:: WORK ITEM ::
For the entries below, state how many lines contain the string "from". Add nothing else.

MATERIALS PROVIDED section start

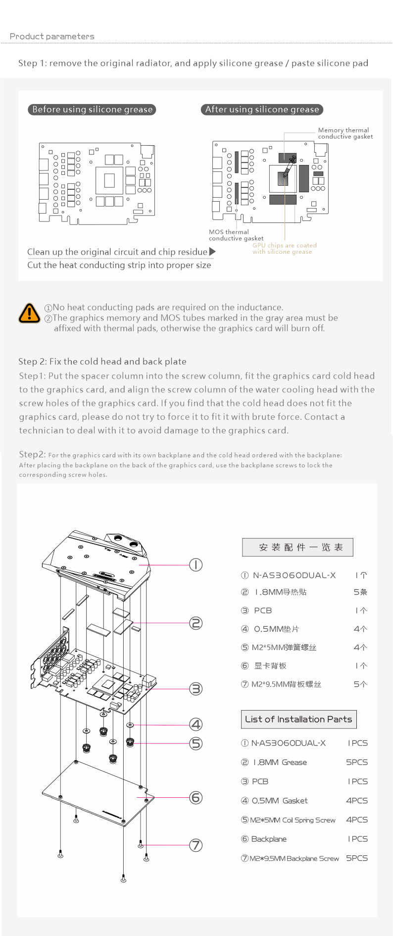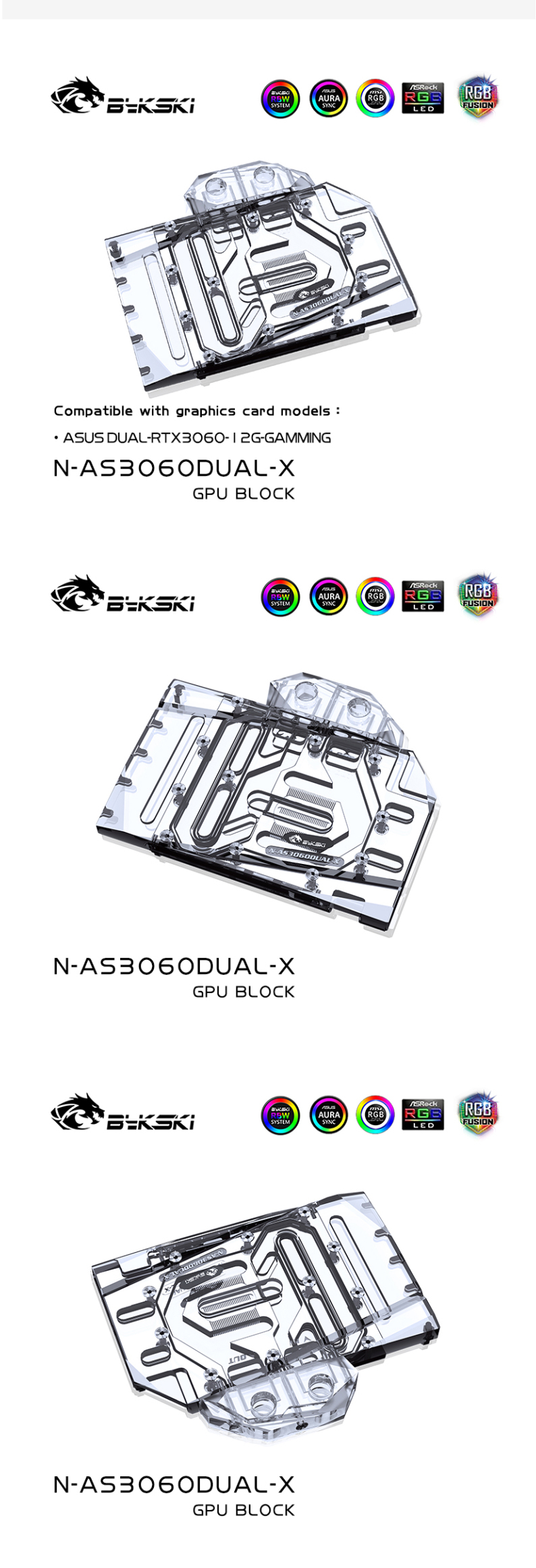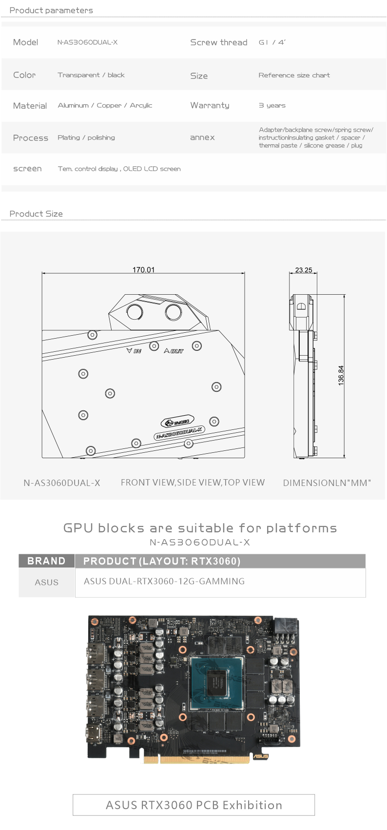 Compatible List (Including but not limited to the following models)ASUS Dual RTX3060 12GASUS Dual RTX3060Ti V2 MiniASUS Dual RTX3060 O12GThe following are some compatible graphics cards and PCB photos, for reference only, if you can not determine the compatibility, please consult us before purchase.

MATERIALS PROVIDED section end
MATERIALS PROVIDED section start

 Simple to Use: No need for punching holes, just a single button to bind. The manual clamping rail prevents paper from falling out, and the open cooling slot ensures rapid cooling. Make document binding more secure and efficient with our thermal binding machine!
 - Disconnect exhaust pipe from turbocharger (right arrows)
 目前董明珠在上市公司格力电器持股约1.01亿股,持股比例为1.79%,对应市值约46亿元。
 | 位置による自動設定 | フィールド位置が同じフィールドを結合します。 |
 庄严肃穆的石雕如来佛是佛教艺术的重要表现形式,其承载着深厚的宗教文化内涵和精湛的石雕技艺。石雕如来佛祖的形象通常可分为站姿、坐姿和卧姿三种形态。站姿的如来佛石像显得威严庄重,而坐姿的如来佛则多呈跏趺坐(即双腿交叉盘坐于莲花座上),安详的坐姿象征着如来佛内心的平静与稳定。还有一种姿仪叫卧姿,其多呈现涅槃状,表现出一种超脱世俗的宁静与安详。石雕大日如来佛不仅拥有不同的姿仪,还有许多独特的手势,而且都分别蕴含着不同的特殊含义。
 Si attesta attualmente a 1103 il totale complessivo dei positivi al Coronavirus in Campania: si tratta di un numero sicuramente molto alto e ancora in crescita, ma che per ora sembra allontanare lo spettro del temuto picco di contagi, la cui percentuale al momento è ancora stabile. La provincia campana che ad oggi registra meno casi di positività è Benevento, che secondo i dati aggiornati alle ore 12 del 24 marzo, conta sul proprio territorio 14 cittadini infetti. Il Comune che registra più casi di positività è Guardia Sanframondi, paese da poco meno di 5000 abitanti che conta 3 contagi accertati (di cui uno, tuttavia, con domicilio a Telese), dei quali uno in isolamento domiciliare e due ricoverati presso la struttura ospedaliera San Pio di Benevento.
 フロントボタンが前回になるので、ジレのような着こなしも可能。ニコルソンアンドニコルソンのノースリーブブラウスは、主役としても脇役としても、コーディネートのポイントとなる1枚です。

MATERIALS PROVIDED section end
MATERIALS PROVIDED section start

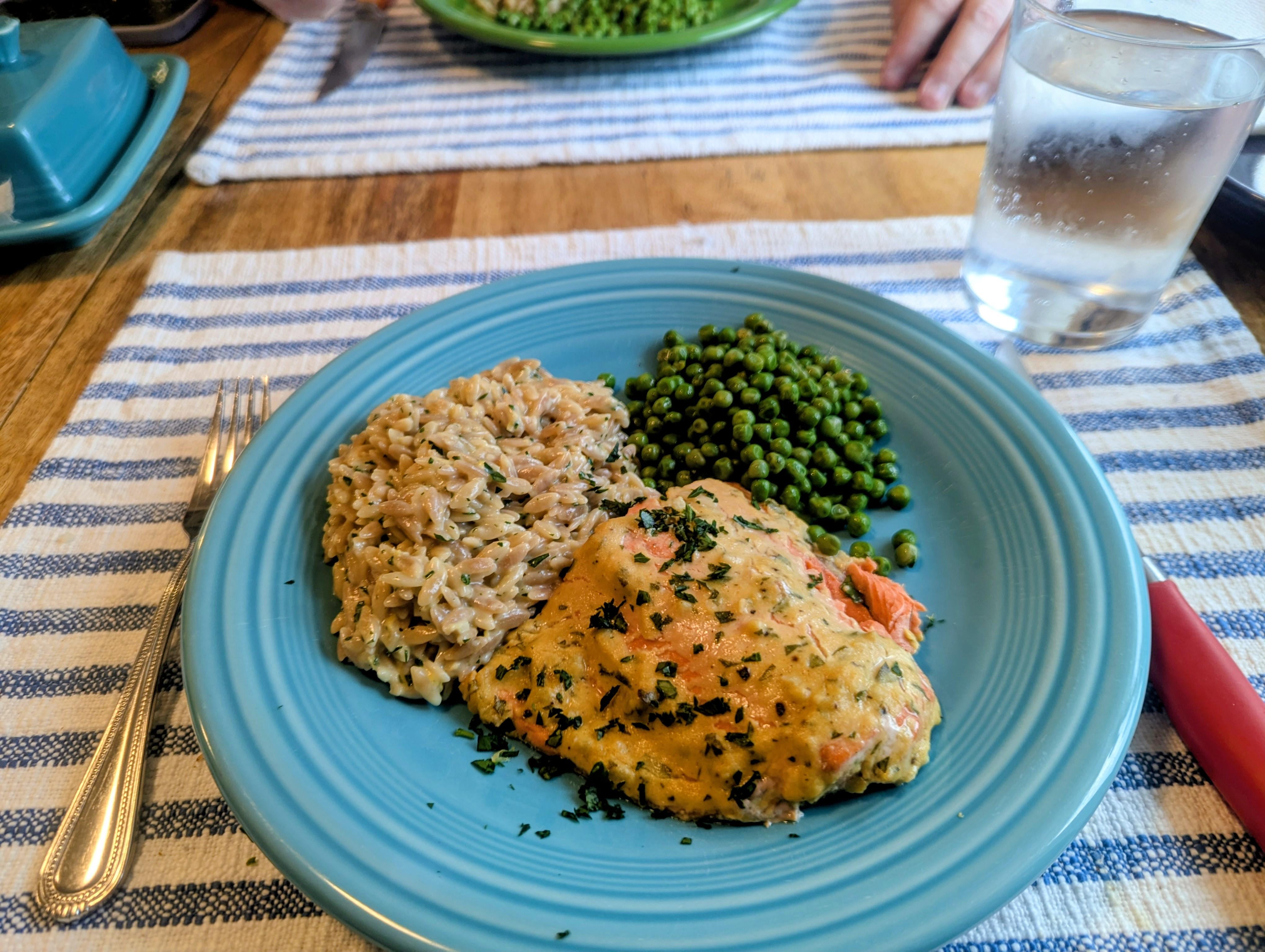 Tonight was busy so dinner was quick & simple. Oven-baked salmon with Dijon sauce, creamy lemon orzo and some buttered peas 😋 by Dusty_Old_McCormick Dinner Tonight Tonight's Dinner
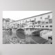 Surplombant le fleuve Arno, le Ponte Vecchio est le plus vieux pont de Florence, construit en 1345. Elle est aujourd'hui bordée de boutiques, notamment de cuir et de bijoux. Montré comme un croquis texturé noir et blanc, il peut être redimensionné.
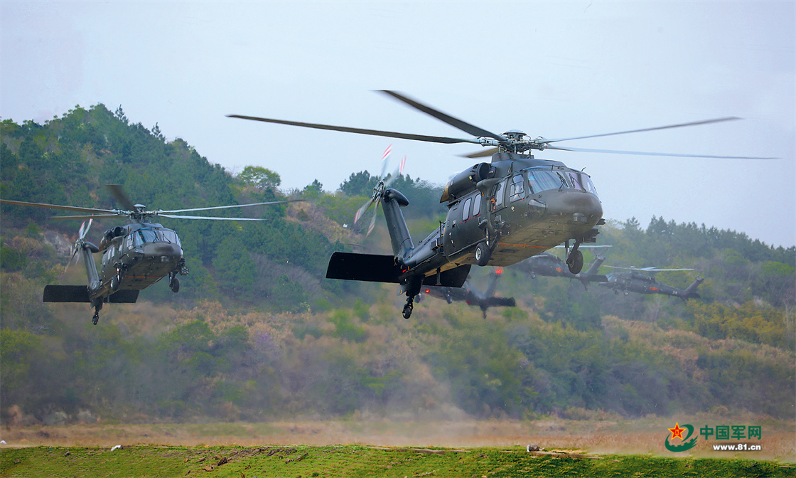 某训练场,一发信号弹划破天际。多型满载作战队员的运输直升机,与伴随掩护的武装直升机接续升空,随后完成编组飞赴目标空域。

MATERIALS PROVIDED section end

:: EXERCISE OUTPUT ::
2